■ YOUR OBJECTIVE
Reproduce the whole listing word for word. Leave every image out.

[[ SUPPLIED DATA open ]]

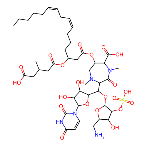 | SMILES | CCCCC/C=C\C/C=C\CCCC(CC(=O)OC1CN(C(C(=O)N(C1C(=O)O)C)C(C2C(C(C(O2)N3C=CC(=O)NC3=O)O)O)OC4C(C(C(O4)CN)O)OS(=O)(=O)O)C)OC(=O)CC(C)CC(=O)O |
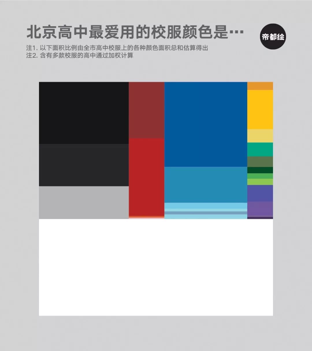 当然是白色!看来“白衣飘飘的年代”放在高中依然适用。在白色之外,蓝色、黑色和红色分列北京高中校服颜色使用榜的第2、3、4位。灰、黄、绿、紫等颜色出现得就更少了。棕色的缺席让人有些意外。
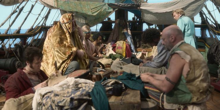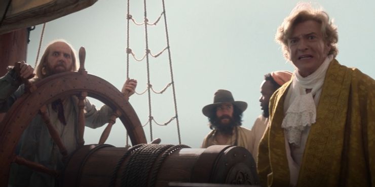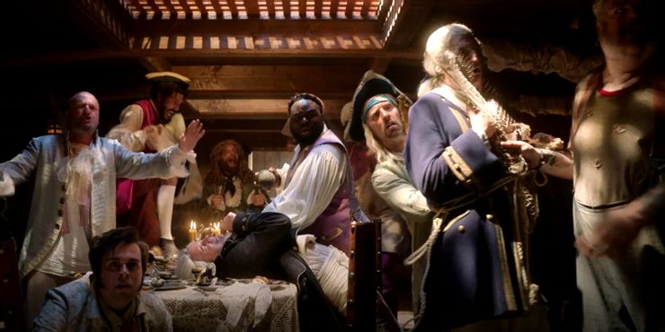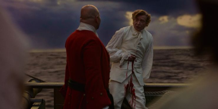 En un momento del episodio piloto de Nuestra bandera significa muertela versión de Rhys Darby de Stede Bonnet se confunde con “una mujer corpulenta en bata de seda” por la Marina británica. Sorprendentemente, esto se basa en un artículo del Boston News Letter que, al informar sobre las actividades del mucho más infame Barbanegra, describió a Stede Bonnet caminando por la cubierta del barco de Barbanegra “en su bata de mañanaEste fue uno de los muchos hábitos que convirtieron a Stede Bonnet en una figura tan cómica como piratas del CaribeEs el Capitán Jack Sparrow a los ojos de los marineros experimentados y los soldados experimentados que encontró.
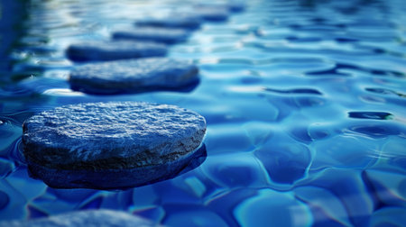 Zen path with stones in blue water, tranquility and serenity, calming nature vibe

[[ SUPPLIED DATA closed ]]

■ YOUR RESPONSE
 | SMILES | CCCCC/C=C\C/C=C\CCCC(CC(=O)OC1CN(C(C(=O)N(C1C(=O)O)C)C(C2C(C(C(O2)N3C=CC(=O)NC3=O)O)O)OC4C(C(C(O4)CN)O)OS(=O)(=O)O)C)OC(=O)CC(C)CC(=O)O |
 当然是白色!看来“白衣飘飘的年代”放在高中依然适用。在白色之外,蓝色、黑色和红色分列北京高中校服颜色使用榜的第2、3、4位。灰、黄、绿、紫等颜色出现得就更少了。棕色的缺席让人有些意外。
 En un momento del episodio piloto de Nuestra bandera significa muertela versión de Rhys Darby de Stede Bonnet se confunde con “una mujer corpulenta en bata de seda” por la Marina británica. Sorprendentemente, esto se basa en un artículo del Boston News Letter que, al informar sobre las actividades del mucho más infame Barbanegra, describió a Stede Bonnet caminando por la cubierta del barco de Barbanegra “en su bata de mañanaEste fue uno de los muchos hábitos que convirtieron a Stede Bonnet en una figura tan cómica como piratas del CaribeEs el Capitán Jack Sparrow a los ojos de los marineros experimentados y los soldados experimentados que encontró.
 Zen path with stones in blue water, tranquility and serenity, calming nature vibe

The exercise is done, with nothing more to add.